To test the allosteric potentiation of GABAARs by presynaptically released glutamate under certain physiological conditions, we delivered five trains of four pulses of theta-burst stimulation to increase endogenous glutamate released from the presynaptic glutamatergic terminals, and compared its effect on the pharmacologically isolated eIPSCs (following blockade of both AMPAR and NMDAR-mediated EPSCs) in WT and KI mice. KI mice did not affect presynaptic release (Fig. S8). As shown in Fig. 6d, e, the summated amplitude of IPSCs evoked by TBS, which were normalized to their own baseline IPSCs evoked with a single pulse, were significantly larger in slices from the WT mice than that in slices from KI mice; thus, the TBS is increased in slices from WT mice (Fig. 6d; WT: Black bars, 210.7 ± 16.1%, n = 17) in comparison with that in slices from KI mice (Fig. 6d; KI: Red bars, KI: 143.9 ± 16.3%, n = 15; p < 0.01, KI vs. WT). These results confirmed the significant reduction in the glutamate allosteric potentiation of GABAAR function in the β2E181G KI mice. Supporting the predicted negative feedback role of the glutamate-GABAAR crosstalk in controlling neuronal excitability, we found that the KI mice, in comparison with their WT counterparts, had a significantly increased neuronal excitability as reflexed by the reduction in the thresholds to noxious, both mechanical (Fig. 6e; WT: 2.9 ± 0.4 g, n = 16; KI: 1.9 ± 0.3 g, n = 17; p < 0.05) and temperature, stimulations (Fig. 6f, g; WT: 71.5 ± 4.5 s, n = 17; KI: 48.0 ± 5.2 s, n = 23; p < 0.01). We also further confirmed the increased neuronal network excitability phenotype of the KI mice using a well-characterized mouse model of epilepsy induced with i.p. injection of kainate acid (20 mg/kg; i.p.). We found that there was a significant reduction in the latency (Fig. 6h; WT: 189.6 ± 15.2 s, n = 10; KI: 161.0 ± 4.0 s, n = 17; p < 0.05) and increase in the severity of kainic acid-induced seizure activity in KI mice in comparison with their WT counterparts (Fig. 6i; p < 0.01). All these results highlight the physiological and pathological significance of this novel glutamate-GABAAR crosstalk as a homeostasis-negative feedback mechanism in fine-tuning synaptic excitation-inhibition balance, thereby ensuring a normal level of neuronal excitability.
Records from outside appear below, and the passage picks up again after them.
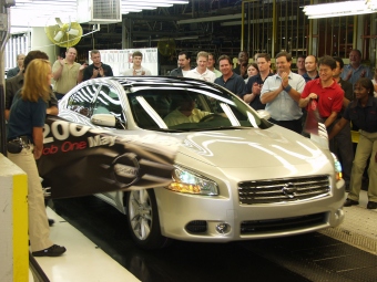 "We set out to create one of the best performing front engine, front-wheel drive sedans in the world," said Al Castignetti, vice president and general manager, Nissan division, Nissan North America. "The Maxima delivers on all levels offering the value, quality, and exhilarating performance consumers have come to expect from Nissan." The 2009 Maxima is built on Nissan's new D platform that provides responsive handling and virtually eliminates the torque steer associated with high horsepower front wheel drive vehicles. It also boasts a new Xtronic CVT (Continuously Variable Transmission) with manual mode, tuned specifically for Maxima's sporty driving character. For drivers seeking the utmost in vehicle control, a new "Ds mode" (drive sport) has been added to the CVT for 2009. "Ds mode" is an electronic control logic that enhances sport driving through increased acceleration feel with higher engine revolutions, automatic engine braking, and maintaining engine speed during cornering. The Maxima's 3.5 liter DOHC 24-valve VQ series V6 engine is now rated at 290 horsepower and 261 lb-ft of torque, increases of 35 horsepower and 9 lb-ft of torque over the 2008 Maxima. All of the engines for the vehicle are produced at Nissan's Decherd, Tenn., Powertrain Assembly Plant Fuel economy is estimated at 19 miles per gallon city, 26 miles per gallon highway, similar to that of the 2008 Maxima despite the additional horsepower. The all-new 2009 Maxima will be offered as two well-equipped models, Maxima 3.5 S and Maxima 3.5 SV, and is scheduled to arrive at Nissan dealers nationwide in early summer 2008. Pricing will be released closer to start of sale. The Maxima was first introduced to the U.S. market in 1981, essentially creating the mid-size import sport sedan category. Four out of five of all Maximas sold are on the road today. "The Maxima represents Nissan's ongoing commitment to quality and long term durability," Daniels said. "The new generation Maxima will live up to its legacy." In calendar year 2007, Nissan North America sold 52,574 Maximas. The vehicles are also exported to Canada, Mexico, Puerto Rico, Guam, and Saipan. In fiscal year 2008, Nissan will export approximately 3,600 Maximas. Since production of the Maxima moved to Smyrna from Japan on Jan. 21, 2003, the plant has produced 384,303 units as of May 15, 2008. The Smyrna plant employs approximately 5,650 people and represents an investment of $2.1 billion. In addition to the Maxima, the plant produces the Nissan Altima mid-size sedan, Nissan Altima Hybrid sedan, Nissan Altima Coupe, Nissan Xterra SUV, Nissan Pathfinder SUV, and Nissan Frontier pick-up truck. Photo: Nissan (May 27, 2008)
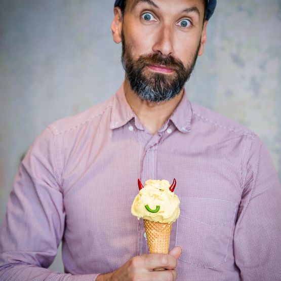 Poznáte z mého výrazu, jakou zmrzlinu jsem vám právě vyrobil? První verze nebyla dost „hot“, takže teď dodělávám druhou – a ta už má grády. Maracuja s chilli skvěle ladí, takže pokud máte rádi kombinaci chilli a zmrzliny, rozhodně se stavte.
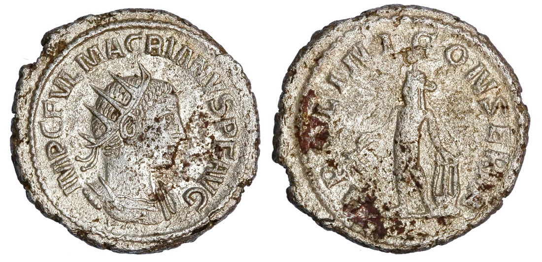 Roman Imperial. Macrianus, usurper (260-261). Billon Antoninianus, first emission. Samosata. 4.59 gms. Radiate, draped and cuirassed bust right, rev. Apollo standing left holding branch and lyre. RIC 6, RSC 2. Roughness, particularly on reverse. Near Extremely Fine.
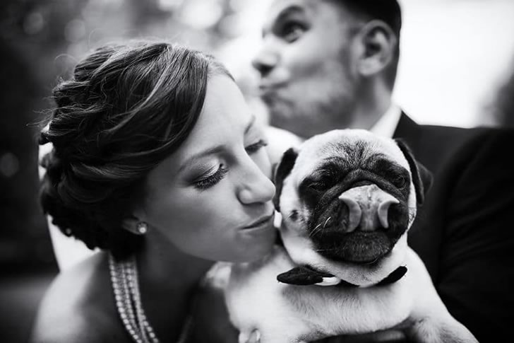 The bride is beaming with excitement, the groom looks casually distracted, and their little dog? Completely uninterested. As the camera clicks, the pup glances away, unimpressed by all the fuss and clearly not feeling camera-ready.
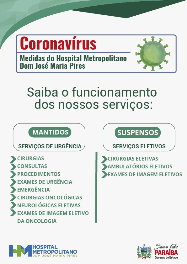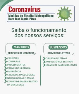 Coronavírus: Medidas Hospital Metropolitano Dom José Maria Pires
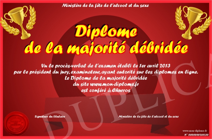 Envoyez par email votre Diplôme de la majorité débridée personalisé
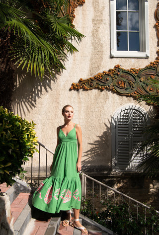 The Meraki Summer Dress in Green Apple Ottoman Tulips: Artisanal Green Maxi Dress for Women

In the present study, we identified a novel glutamate binding site in the GABAARs, thereby revealed a previously un-appreciated crosstalk between the excitatory transmitter glutamate and inhibitory GABAARs. Through a detailed ligand-binding and molecular characterization in recombinant expression system, we demonstrated that this cross-talk is mediated by an allosteric potentiation of GABAARs through a direct binding of glutamate to the GABAAR itself. Genetic elimination of this cross-talk in mice allowed us to conclude that this cross-talk functions as a negative feedback, thereby having significant physiological and/or pathological roles in fine-tuning synaptic excitation-inhibition balance. Along with the recently reported glutamate modulation of glycine receptor,10 the present study strongly suggests that such a positive modulation of inhibitory receptor-gated chloride channels by excitatory transmitter glutamate may be a common feedback mechanism between synaptic excitation and inhibition, being of physiological and pathological significance.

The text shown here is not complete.